Hinsichtlich der Fahrkompetenz zeigten sich lediglich geringfügige Unterschiede zwischen der Patienten- und der Kontrollgruppe; bei Patienten im frühen Demenzstadium war keine nennenswerte Einschränkung der Fahrkompetenz erkennbar. Die in der klinischen Demenzdiagnostik eingesetzten Testverfahren erwiesen sich als nicht geeignet, Aussagen zur Fahreignung eines Patienten zu treffen. Das heißt, ein schlechtes Abschneiden in einem neuropsychologischen Test bestätigte sich nicht zwangsläufig in einem schlechten Abschneiden in der Fahrverhaltensbeobachtung.
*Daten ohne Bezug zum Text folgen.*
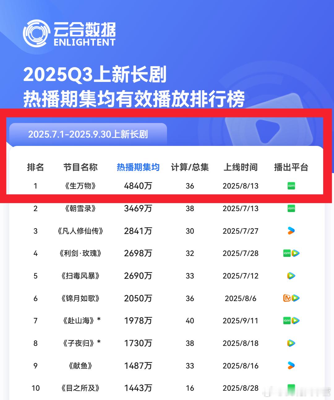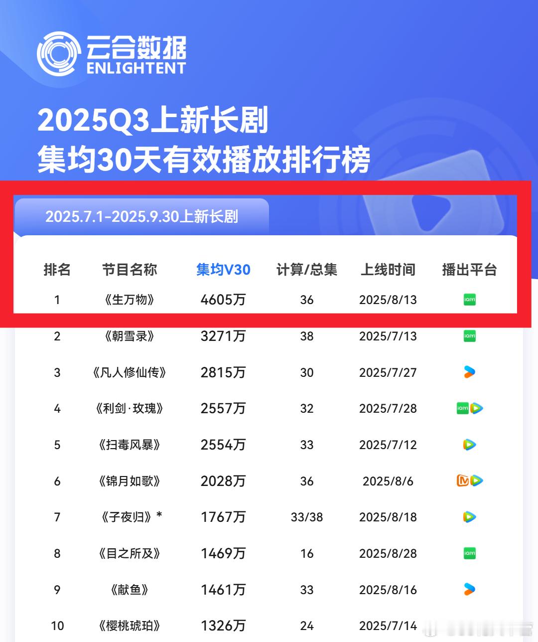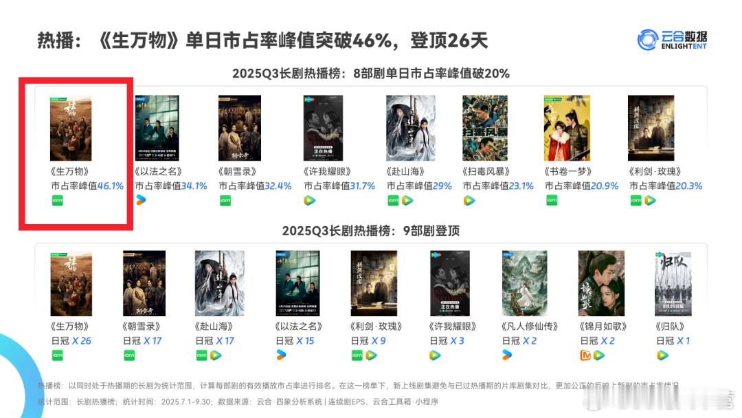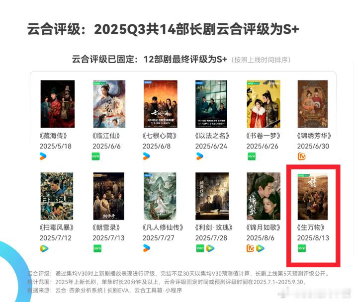 云合2025第三季度长剧数据排行榜——S+《生万物》

Die lediglich moderaten Zusammenhänge der psychometrischen Testverfahren mit dem Fahrverhalten zeigen, dass diese zur Vorhersage der Fahreignung nicht ausreichen. Empfohlen wird daher die Durchführung einer Fahrverhaltensbeobachtung.

Folgerungen

Autofahrer mit leichter Demenz können über ein erhebliches Leistungspotenzial sowie über Kompensationsmechanismen verfügen, die eine sichere Teilnahme am Straßenverkehr gewährleisten können. Das kompensatorische Verhalten und die Fahrkompetenz lassen sich durch gezielte Beratung und Training verbessern. Zur Beurteilung der Fahreignung ist die Durchführung einer Fahrverhaltensbeobachtung dringend anzuraten. Die aktuellen Ergebnisse weisen darauf hin, dass die in der klinischen Demenzdiagnostik eingesetzten Testverfahren nicht geeignet sind, die Fahreignung eines Patienten zu beurteilen, und daher durch gezielte Neuentwicklungen ergänzt werden sollten. Hierbei kämen beispielsweise Testverfahren zur Entfernungsschätzung, zur längerfristigen visuellen Aufmerksamkeitsleistung unter erhöhten Anforderungen (visuell-räumlich, Aufmerksamkeitsteilung) und zur Erfassung der Reaktion auf unerwartete, plötzliche, nicht oder kaum vorhersagbare Ereignisse in Betracht.